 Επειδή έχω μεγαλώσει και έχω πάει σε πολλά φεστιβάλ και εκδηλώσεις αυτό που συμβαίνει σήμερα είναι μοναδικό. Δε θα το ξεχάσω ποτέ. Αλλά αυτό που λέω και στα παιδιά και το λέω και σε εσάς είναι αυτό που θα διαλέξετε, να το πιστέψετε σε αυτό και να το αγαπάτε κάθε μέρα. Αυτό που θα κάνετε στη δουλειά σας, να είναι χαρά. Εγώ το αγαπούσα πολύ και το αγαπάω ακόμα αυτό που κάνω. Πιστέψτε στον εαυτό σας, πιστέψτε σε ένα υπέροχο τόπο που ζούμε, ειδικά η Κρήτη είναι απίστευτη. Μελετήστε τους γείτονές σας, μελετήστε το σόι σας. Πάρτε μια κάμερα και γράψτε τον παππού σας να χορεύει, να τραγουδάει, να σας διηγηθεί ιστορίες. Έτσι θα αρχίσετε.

__________________________________________________

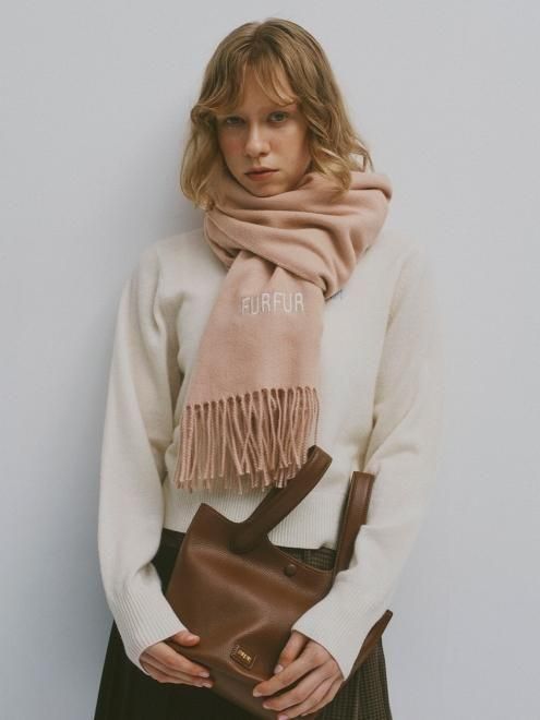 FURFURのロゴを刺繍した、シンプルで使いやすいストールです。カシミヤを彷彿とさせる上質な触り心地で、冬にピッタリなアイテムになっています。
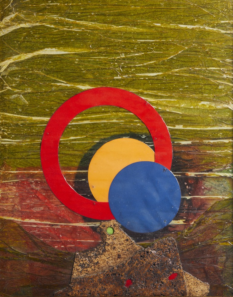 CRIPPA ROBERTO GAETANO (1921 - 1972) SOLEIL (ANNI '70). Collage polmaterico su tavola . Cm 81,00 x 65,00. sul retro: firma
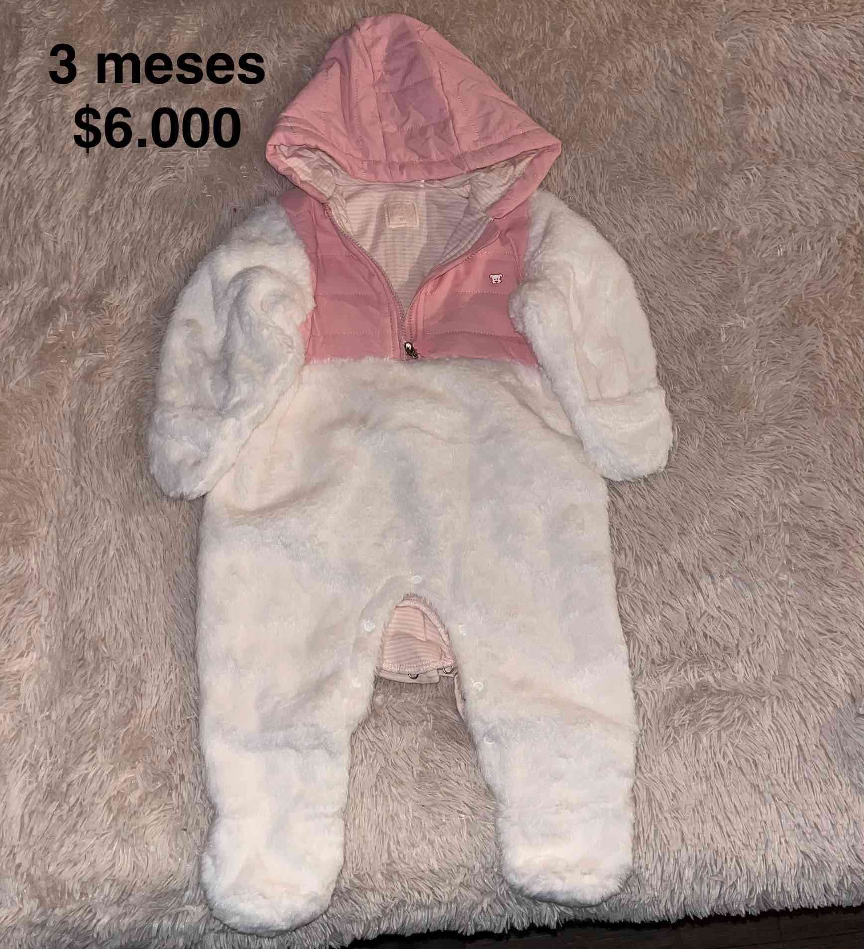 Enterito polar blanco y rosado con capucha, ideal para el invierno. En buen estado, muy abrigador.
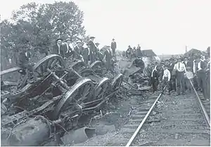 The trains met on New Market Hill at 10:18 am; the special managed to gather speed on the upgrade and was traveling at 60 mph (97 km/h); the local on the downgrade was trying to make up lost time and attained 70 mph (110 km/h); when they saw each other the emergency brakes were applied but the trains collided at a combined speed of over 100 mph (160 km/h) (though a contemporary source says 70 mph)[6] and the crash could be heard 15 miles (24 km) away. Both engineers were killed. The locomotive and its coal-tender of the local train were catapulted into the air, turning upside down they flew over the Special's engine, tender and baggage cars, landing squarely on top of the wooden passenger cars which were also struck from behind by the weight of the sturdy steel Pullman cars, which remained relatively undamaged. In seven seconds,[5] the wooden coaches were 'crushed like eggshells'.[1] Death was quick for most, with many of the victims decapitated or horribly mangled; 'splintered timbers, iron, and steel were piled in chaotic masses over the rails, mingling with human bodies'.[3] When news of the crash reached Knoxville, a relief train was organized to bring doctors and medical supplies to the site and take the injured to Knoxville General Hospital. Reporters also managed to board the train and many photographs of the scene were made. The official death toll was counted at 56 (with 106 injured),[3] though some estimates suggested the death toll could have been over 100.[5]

__________________________________________________

# ABOUT THIS EXERCISE
Above are the records; restate exactly the lines from the one containing "FURFURのロゴを刺繍した" through the one containing "Enterito polar blanco", keeping pictures out.

# THE COMPLETED TASK
 FURFURのロゴを刺繍した、シンプルで使いやすいストールです。カシミヤを彷彿とさせる上質な触り心地で、冬にピッタリなアイテムになっています。
 CRIPPA ROBERTO GAETANO (1921 - 1972) SOLEIL (ANNI '70). Collage polmaterico su tavola . Cm 81,00 x 65,00. sul retro: firma
 Enterito polar blanco y rosado con capucha, ideal para el invierno. En buen estado, muy abrigador.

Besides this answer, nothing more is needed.